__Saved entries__
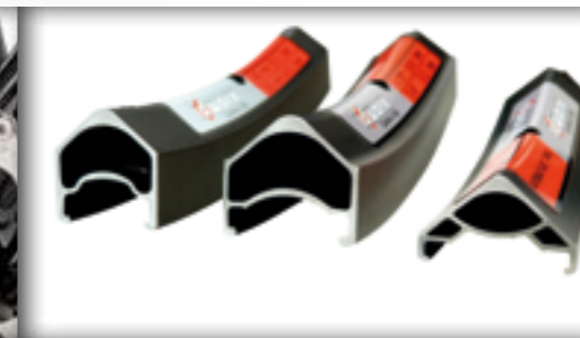
idworx Darim velgen
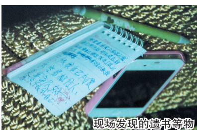
现场发现的遗书等物
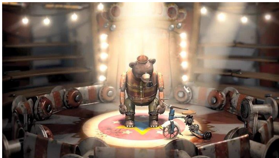
Рис. 1. Кадр из анимационного фильма «Медвежья история».

– личная травма, которую приходится проживать снова и снова, но потребность в том, чтобы поделиться этим с окружающими, сильнее боли от воспоминаний. Однажды Медведь, который счастливо жил со своей женой-медведицей и ребенком-медвежонком, попадает в список неудобных государству и его забирают... в цирк (рис.1). Здесь, конечно, режиссер прямым текстом сообщает о том, на что было похоже правительство во время диктатуры Пиночета.
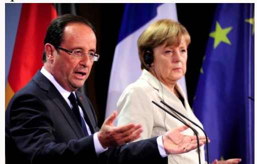
FOTO: Merkel i Hollande en la seua comparecència

Angela Merkel i François Hollande han intervingut en el Parlament Europeu de Estarburg de forma conjunta i han coincidit en defendre la importància d'avançar en la Integració Europea per tal de poder afrontar els reptes del als quals s'enfronta la Unió Europea
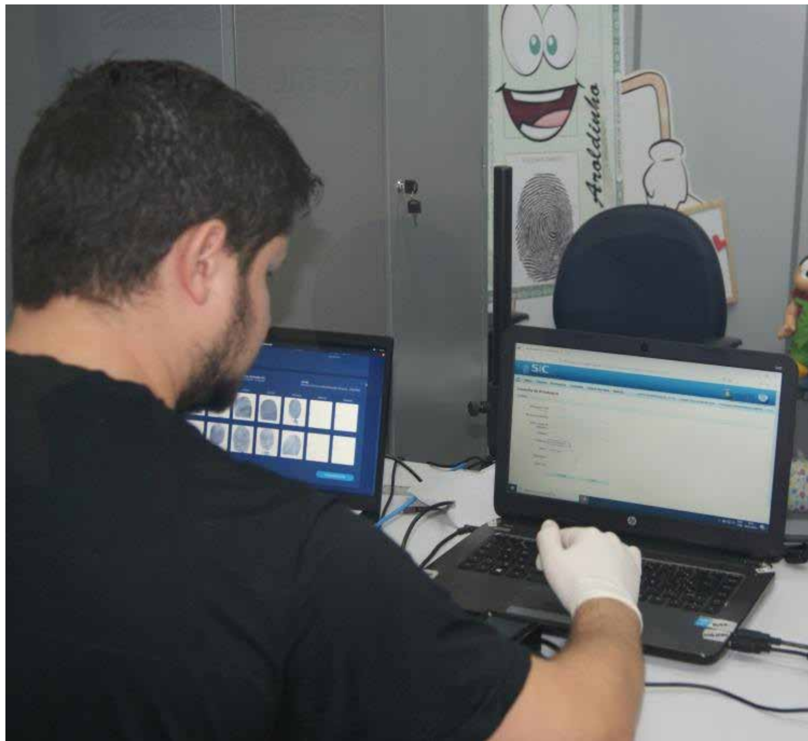
A coleta de impressões digitais é feita por um scanner de alta definição na solução de identificação biométrica Infant.Id

O espaço infantil está localizado na sede da Politec, na Diretoria Me-
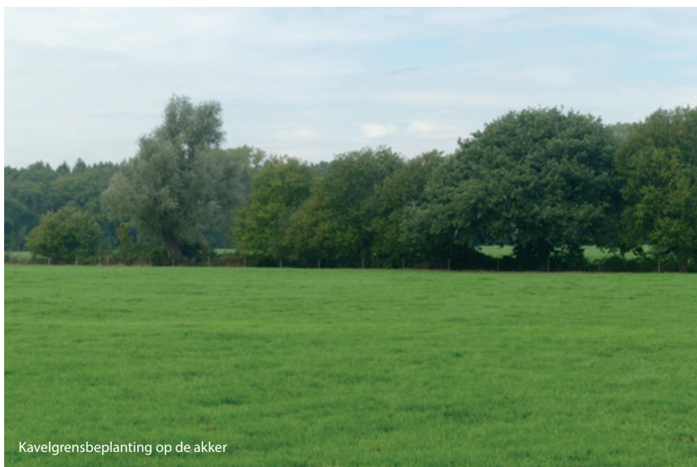
Kavelgrensbeplanting op de akker
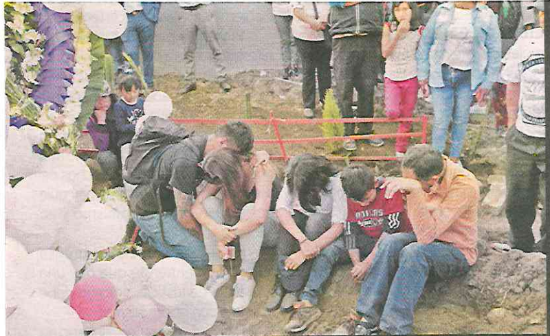
Muchos no daban crédito de lo que le sucedió.
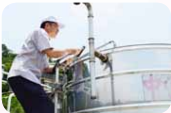
爬上爬下查看水塔
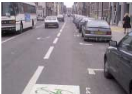
Ah ! Que c'est beau, une bande cyclable bien tracée ! En 1999, la bande de la rue Jean Lecanuet.
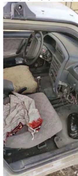
Фото №2.
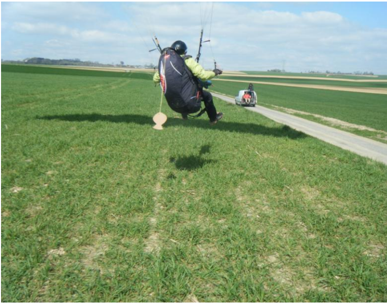
1 er avril à Campagne, Omar au décollage
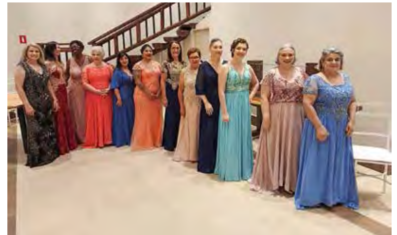
Um deslumbramento de elegância e fé na vida
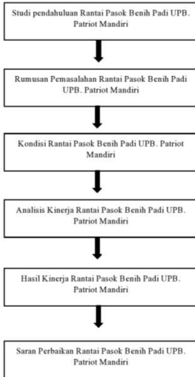
Gambar 2. Kerangka Pemikiran Penelitian
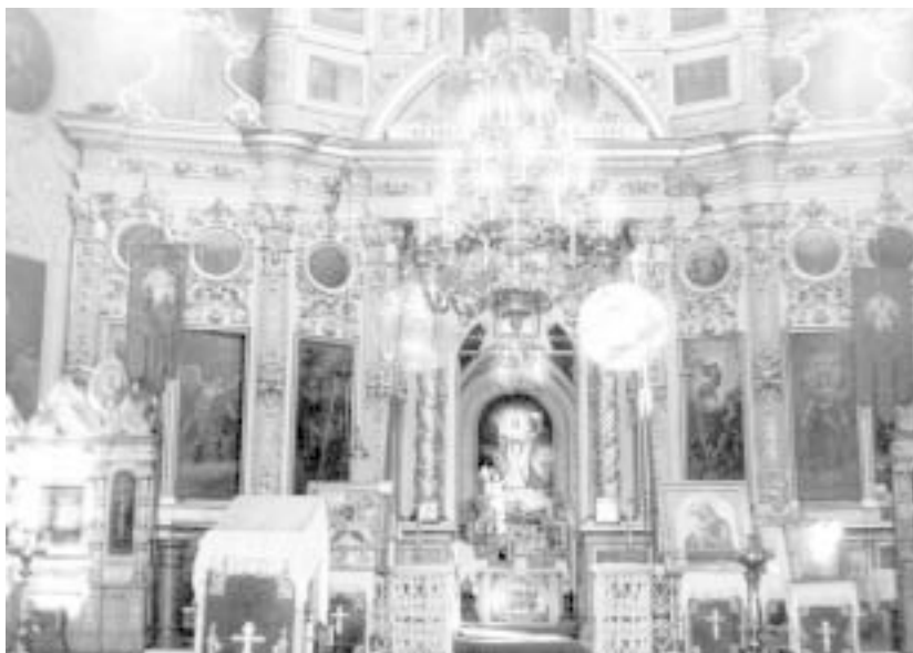
Иконостас Успенского собора.
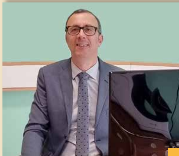
Responsabile Direzione Operations e HR Castagneto Banca

Quali benefici concreti può apportare la comunità energetica dell'area vasta della Provincia di Livorno?
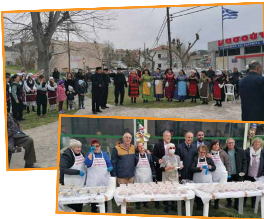
Χορός και σαρακοστιανά στον Τρίλοφο
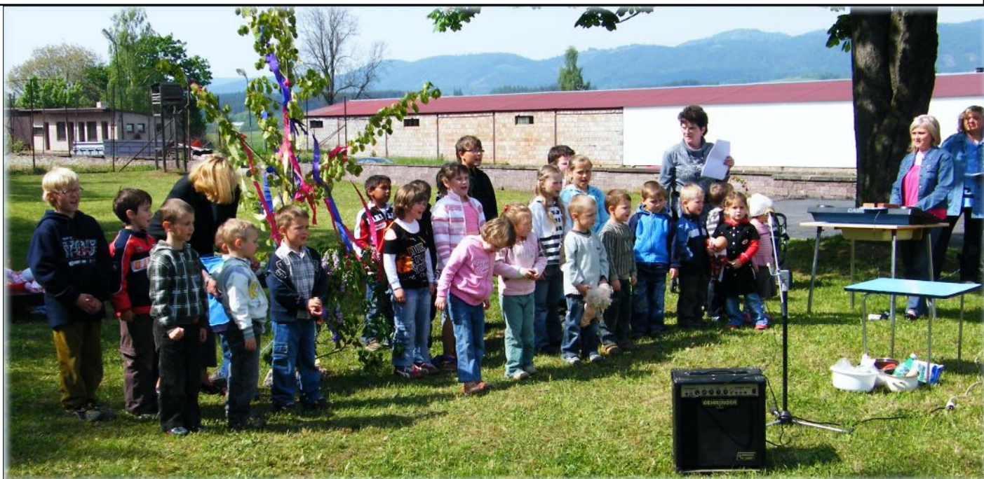
Besídka ke Dni matek jako malá zahradní slavnost
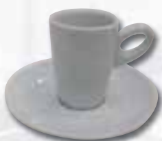
1 Tasse Alta

__INSTRUCTIONS FOR THE TASK__
Show every line of the data in which the word "Hollande" appears.

__WRITTEN ANSWER__
FOTO: Merkel i Hollande en la seua comparecència
Angela Merkel i François Hollande han intervingut en el Parlament Europeu de Estarburg de forma conjunta i han coincidit en defendre la importància d'avançar en la Integració Europea per tal de poder afrontar els reptes del als quals s'enfronta la Unió Europea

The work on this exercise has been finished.